Data: GERAS_Gruber_2019.csv
Code:
# Paper:https://econtent.hogrefe.com/doi/10.1027/1015-5759/a000528
# Data:https://osf.io/42jhr/
library(dplyr)
library(tidyr)
library(haven)
# ------ Process Study 1 -------
study1_cfa_df <- read_sav("./GERAS_Study1_CFA.sav")
study1_efa_df <- read_sav("./GERAS_Study1_EFA.sav")
study1_df <- rbind(study1_cfa_df, study1_efa_df) # Merge 2 datasets
study1_df <- study1_df |>
select(-gender) |>
rename(id=ID)
study1_df <- study1_df %>% # Replace encoded missing values with NA
mutate_all(~replace(., . %in% c(-66, -77, -99), NA))
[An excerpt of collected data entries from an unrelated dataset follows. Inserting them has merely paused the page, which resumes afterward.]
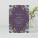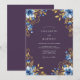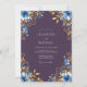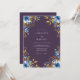 Evoque elegância com este design romântico apresentando vibrantes flores azuis e folhagens ricas em dourado. Detalhes florais delicados criam uma atmosfera caprichosa e encantadora, perfeita para uma ocasião memorável. O fundo roxo profundo realça o contraste marcante da arte.
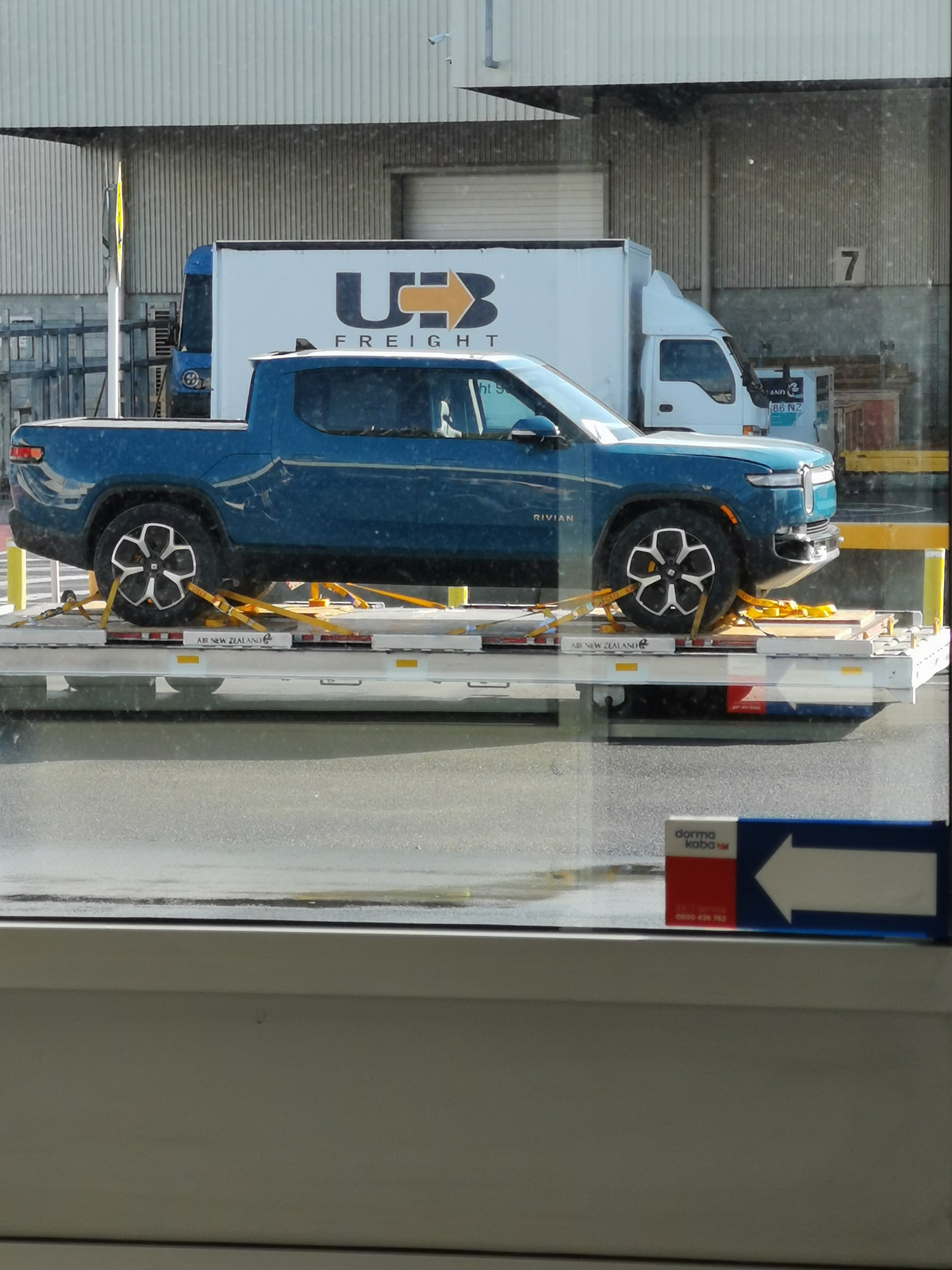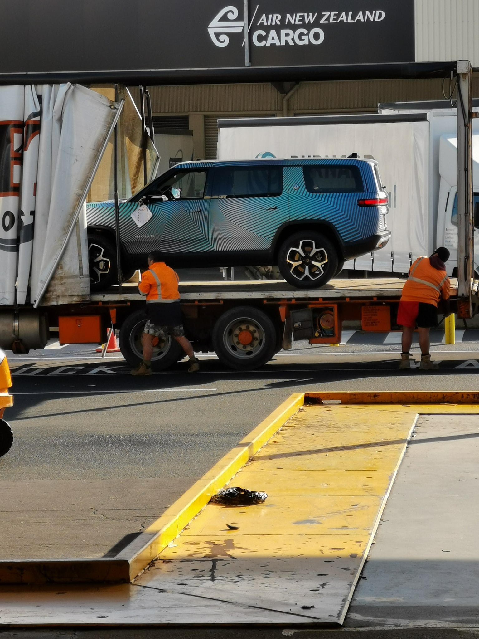 The trio of vehicles were spotted at a local airport by Tony Scott, who shared images of the R1T and R1S being taken out of the plane and loaded onto trucks for transport.
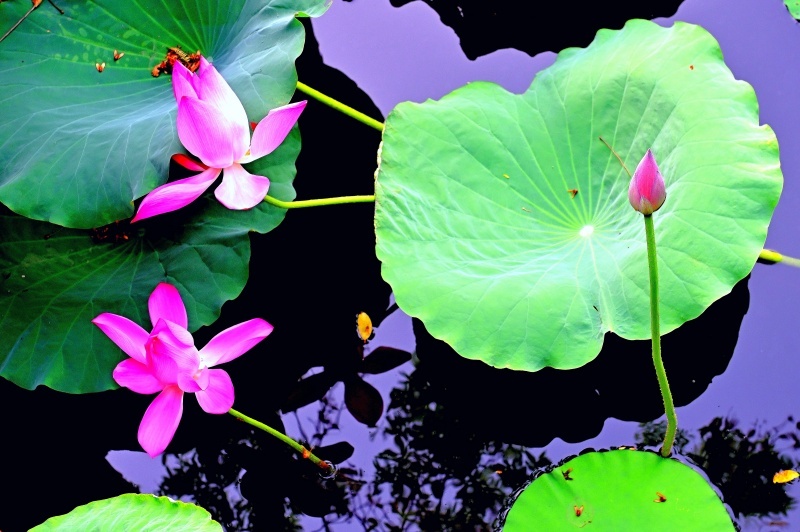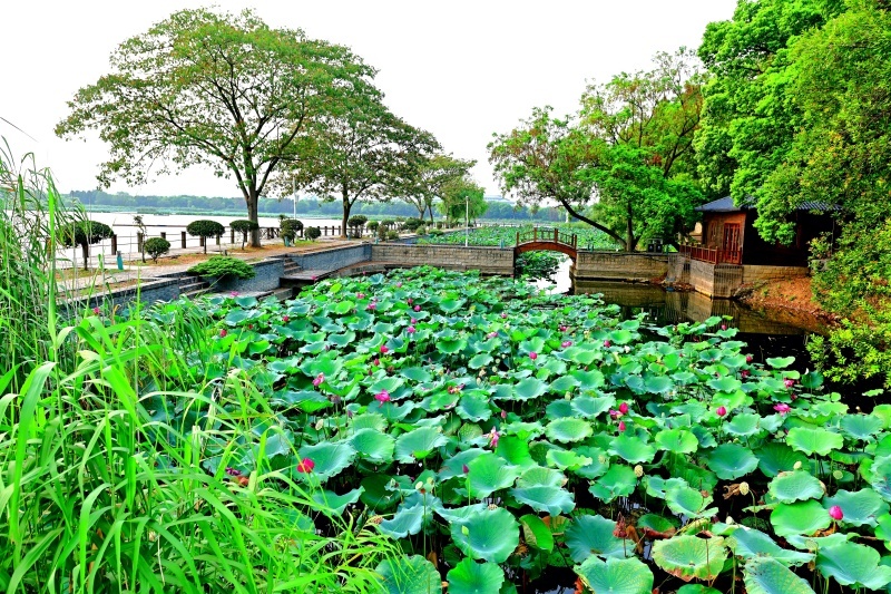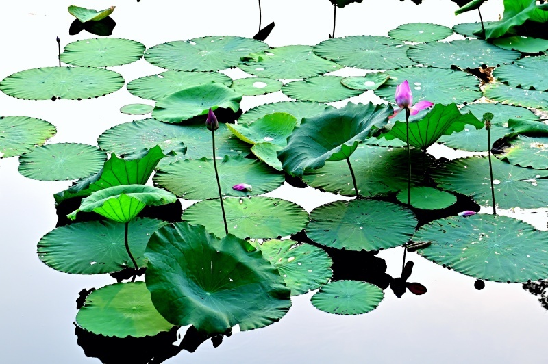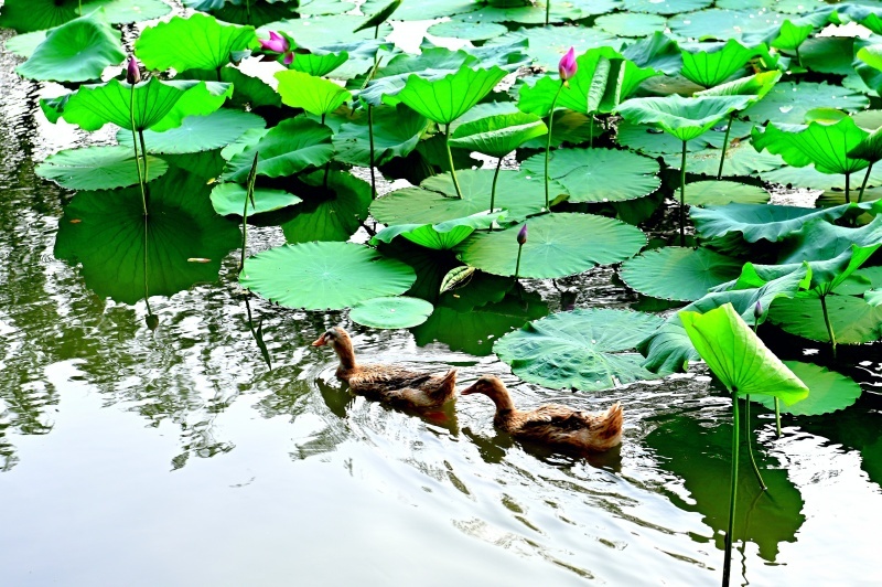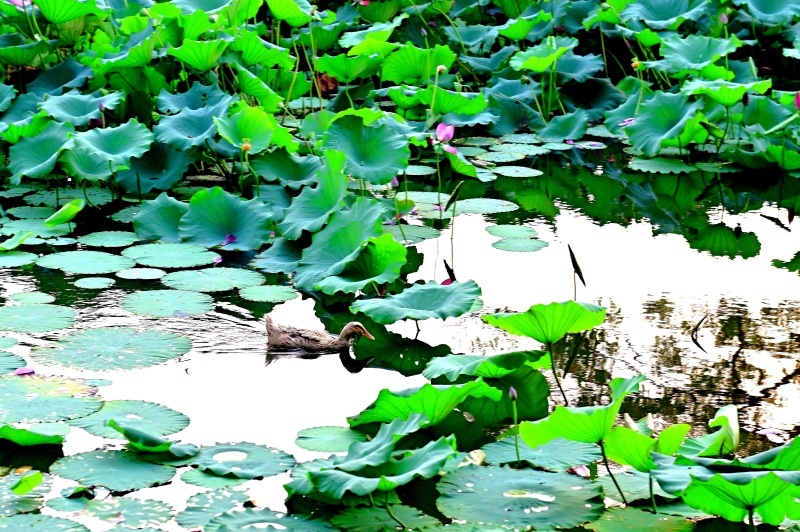 再看看荷叶,那绿伞般的荷叶密密层层的簇拥在一起,随风起舞,鱼儿不时地在荷叶间游弋觅食。由于湖畔林间,位置僻静,游人鲜少,显得异常恬静安宁,恍如隔世……

# ------ Process Study 2 -------
study2_df <- read_sav("./GERAS_Study2_CFA.sav")
colnames(study2_df) <- gsub("\\s*\\(.*\\)", "", colnames(study2_df))
study2_df <- lapply(study2_df, function(x) { attr(x, "label") <- NULL; x })
study2_df <- as.data.frame(study2_df)
study2_df <- study2_df %>%
mutate(VPN = paste(VPN, gender, age, sep = "_"))
study2_df <- study2_df |>
select(-gender) |>
rename(id=VPN)
study2_df <- study2_df %>% # Replace encoded missing values with NA
mutate_all(~replace(., . %in% c(-66, -77, -99), NA))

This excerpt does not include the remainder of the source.